### Directions
Omit all images, then repeat exactly the lines below from the one containing "Предуслов за добијање" through the one containing "Support your team", both ends included.

### Listed records
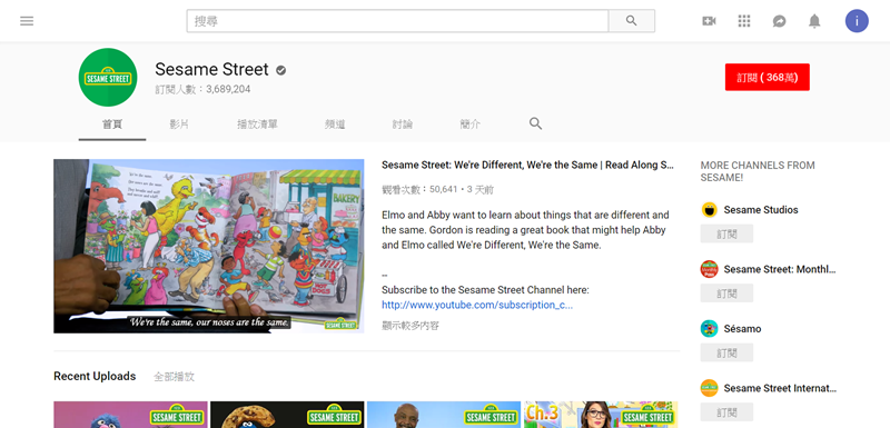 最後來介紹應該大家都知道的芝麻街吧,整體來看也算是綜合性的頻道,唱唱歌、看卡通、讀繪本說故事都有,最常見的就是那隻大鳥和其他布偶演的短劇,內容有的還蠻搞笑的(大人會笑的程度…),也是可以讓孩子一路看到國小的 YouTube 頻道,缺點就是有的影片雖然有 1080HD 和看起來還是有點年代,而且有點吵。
--
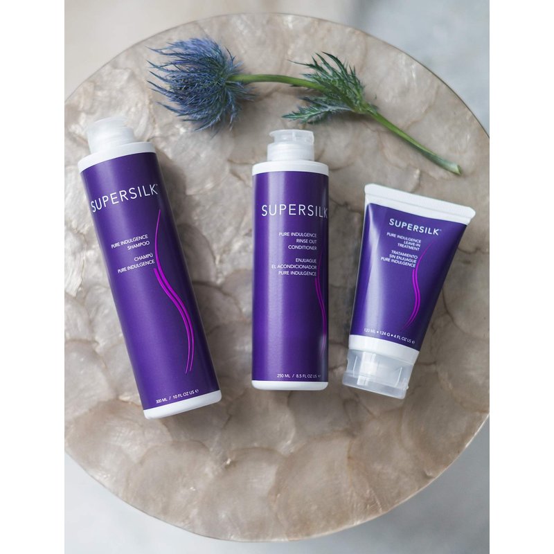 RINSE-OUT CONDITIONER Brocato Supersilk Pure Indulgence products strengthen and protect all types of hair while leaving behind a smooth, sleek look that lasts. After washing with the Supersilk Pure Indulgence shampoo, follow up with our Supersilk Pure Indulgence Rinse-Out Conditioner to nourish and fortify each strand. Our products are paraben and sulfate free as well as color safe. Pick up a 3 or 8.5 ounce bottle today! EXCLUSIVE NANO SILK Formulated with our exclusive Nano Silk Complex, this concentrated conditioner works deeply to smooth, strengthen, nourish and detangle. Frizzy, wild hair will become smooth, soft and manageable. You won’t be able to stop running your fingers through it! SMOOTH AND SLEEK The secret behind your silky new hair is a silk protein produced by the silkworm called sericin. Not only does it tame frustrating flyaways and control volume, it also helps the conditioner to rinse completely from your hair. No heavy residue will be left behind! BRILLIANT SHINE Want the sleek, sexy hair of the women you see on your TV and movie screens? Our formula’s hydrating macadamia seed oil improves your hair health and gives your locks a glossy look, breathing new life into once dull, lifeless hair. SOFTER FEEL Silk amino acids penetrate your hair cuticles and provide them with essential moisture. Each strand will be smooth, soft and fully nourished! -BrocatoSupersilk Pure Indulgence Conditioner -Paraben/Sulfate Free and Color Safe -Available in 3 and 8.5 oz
--
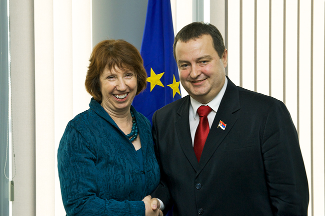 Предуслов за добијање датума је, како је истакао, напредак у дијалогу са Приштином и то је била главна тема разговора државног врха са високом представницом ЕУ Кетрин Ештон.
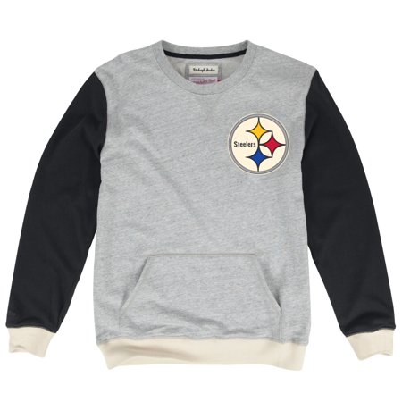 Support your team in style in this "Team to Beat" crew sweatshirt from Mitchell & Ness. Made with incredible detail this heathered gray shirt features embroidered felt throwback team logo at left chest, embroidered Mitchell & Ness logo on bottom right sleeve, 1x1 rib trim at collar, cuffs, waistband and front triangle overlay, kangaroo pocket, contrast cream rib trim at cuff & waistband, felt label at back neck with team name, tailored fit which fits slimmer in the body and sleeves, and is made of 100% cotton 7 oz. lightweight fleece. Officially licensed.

### Task answer
 Предуслов за добијање датума је, како је истакао, напредак у дијалогу са Приштином и то је била главна тема разговора државног врха са високом представницом ЕУ Кетрин Ештон.
 Support your team in style in this "Team to Beat" crew sweatshirt from Mitchell & Ness. Made with incredible detail this heathered gray shirt features embroidered felt throwback team logo at left chest, embroidered Mitchell & Ness logo on bottom right sleeve, 1x1 rib trim at collar, cuffs, waistband and front triangle overlay, kangaroo pocket, contrast cream rib trim at cuff & waistband, felt label at back neck with team name, tailored fit which fits slimmer in the body and sleeves, and is made of 100% cotton 7 oz. lightweight fleece. Officially licensed.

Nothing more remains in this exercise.